この量子ドットレーザ技術は、ウォールストリート・ジャーナル紙が主催する「Technology Innovation Awards 2006」の半導体分野で、「Runner-Up賞」(優秀賞)を受賞し、06年9月11日付けの同紙上で世界的に紹介された。このアワードには12分野で、24カ国以上から約600件以上の応募があったが、日本では富士通研究所、QDレーザ、東京大学のみの受賞となった。
ただし、QDレーザが開発を進める量子ドットレーザも、課題がないわけではない。「3次元的に電子を閉じ込めている構造上、現時点での生産技術ではレーザ発振する部分とそうでない材料が混在してしまう。そのため、現状は10ギガbps程度の通信速度にとどまっている。今後はさらに高密度化を実現することで、量子井戸構造の半導体レーザより高速変調が可能な開発を進めたい」と秋山氏は語る。
現在、量子ドットレーザは、ビル構内に敷設された既存のマルチモードファイバ(MMF)(*1)で、大容量ネットワークを実用化する検討がなされている。光ファイバの種類にはMMFとシングルモードファイバ(SMF)(*2)の2つがあるが、すでに広く普及している低速伝送用のMMFを使って、低コストに高速・大容量の光伝送を実現する。

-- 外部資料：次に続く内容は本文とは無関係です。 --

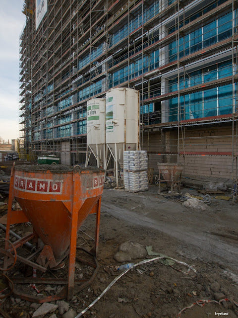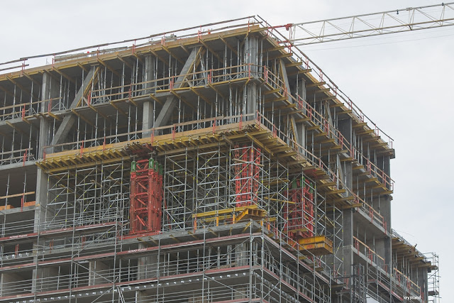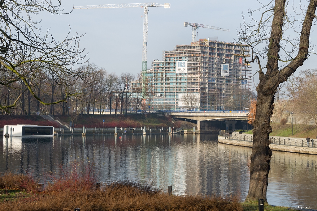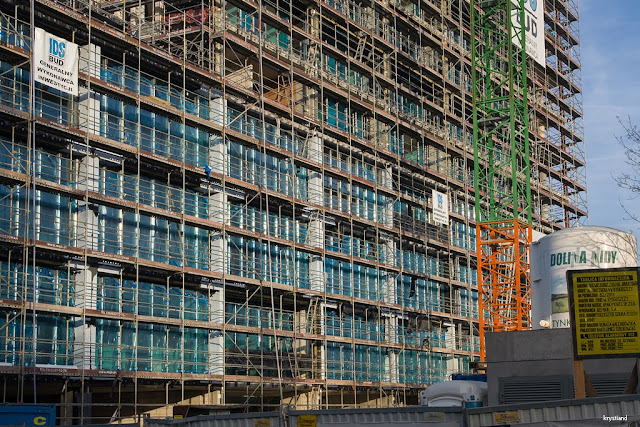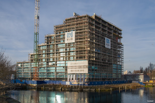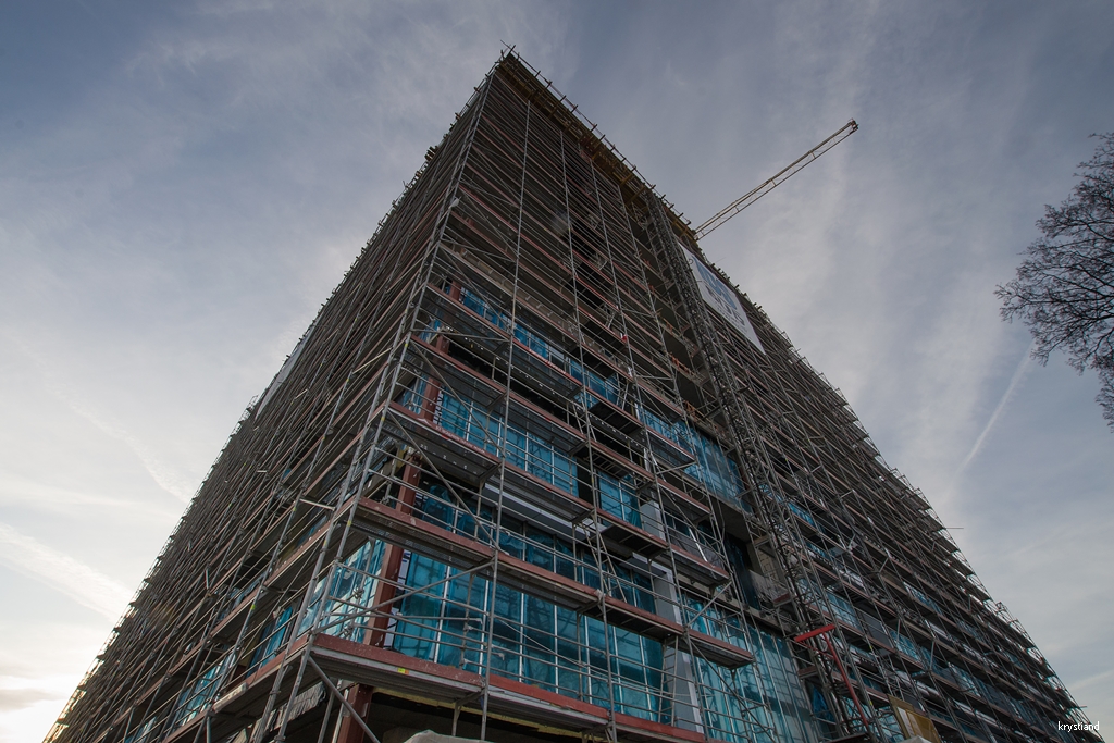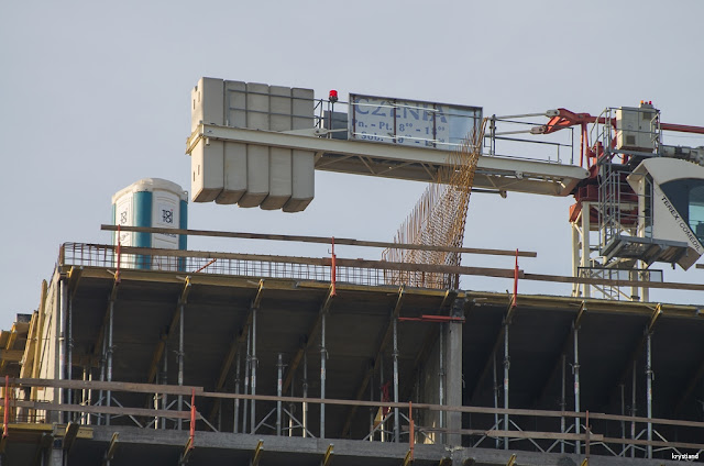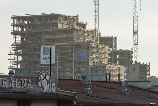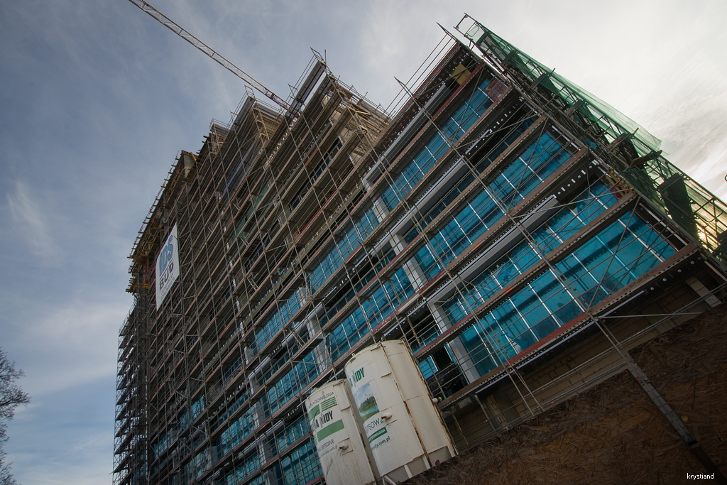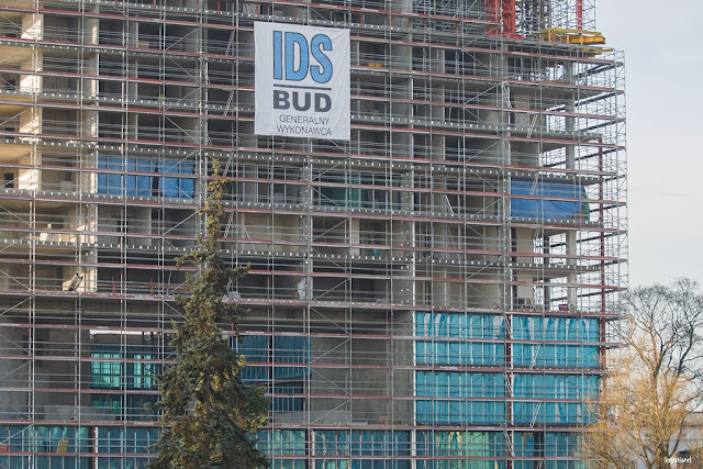 Od poprzedniej relacji z budowy najwyższego budynku mieszkalnego minęło niemal 2 miesiące (24.10.2015). Jest to dosyć długa przerwa jak na tempo prac na budowie. Elewacja jest już nie tylko na części biurowej, sporo szkła widać wyżej. Budynek urośnie jeszcze tylko o dwa piętra, prace przy przedostatnim piętrze już się rozpoczęły. Idealna niedzielna pogoda pozwoliła na sporą ilość zdjęć.

すでに、構内LANを長距離伝送する規格として、IEEE 802.3aq(10GBASE-LRM)(*3)が標準化される中、富士通とQDレーザでは、10ギガビットイーサネットLRM(Long Reach Multi mode fiber)に向けた製品化を急ぐ考えだ。
ともあれ、量子ドットレーザの可能性は、構内LANなどにとどまるものではないことは確かなようだ。低コスト、小型・低消費電力、高速変調・長距離伝送の特性を生かして、企業/家庭を問わず、あらゆる光通信に使われていく可能性を秘めた技術といえる。